The test data taken from the Localisation Microscopy Challenge all consist of more than 1000 frames each of which contains a substantial number of overlapping emitters. The structures contain multiples areas of closely spaces structure where reconstruction bias would be expected in high density data. The reconstructions would therefore constitute the sum of a large number of individual measurements. These data sets are intended as a benchmark for assessing the performance of localisation analysis.

For the simulations performed here, the number of frames produced is adjusted so that emitters make an average of ca. 5 appearances regardless of density. Additionally, each structural element also contains at least ten emitters per camera pixel, this ensures a high degree of sampling and therefore repeatability of the associated reconstructions. The reconstructions produced from experimental data are provided as examples of use of the analysis on diverse biological systems. Each input reconstruction contains multiple incidences of identified artefacts, the precise nature of which will be sample-dependent. The repeatability of these experiments was therefore  not examined but similar results were observed for the small number of other data sets examined.

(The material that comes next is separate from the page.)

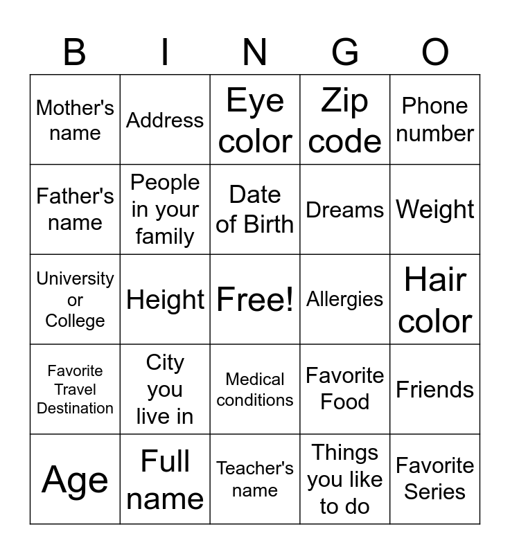 This bingo card has a free space and 24 words: City you live in, Full name, Date of Birth, Age, Phone number, Mother's name, Father's name, Address, Allergies, Medical conditions, Dreams, University or College, Favorite Food, Friends, People in your family, Things you like to do, Hair color, Eye color, Weight, Height, Favorite Series, Favorite Travel Destination, Zip code and Teacher's name.

The data presented in the plots and bar graphs consist of single calculated measured values resulting from a single experiment/simulation. No statistics were derived from these measurements which have no associated error. The line profiles from line pair data are averaged across the entire height of the image unless otherwise indicated in the figure (Supplementary Fig. 12).

Ethical approval

The use of animal tissue described in this paper was covered by the King’s College London institutional license for tissue-only animal studies. No animal studies were performed in this work.

Reporting Summary

Further information on research design is available in the Nature Research Reporting Summary linked to this article.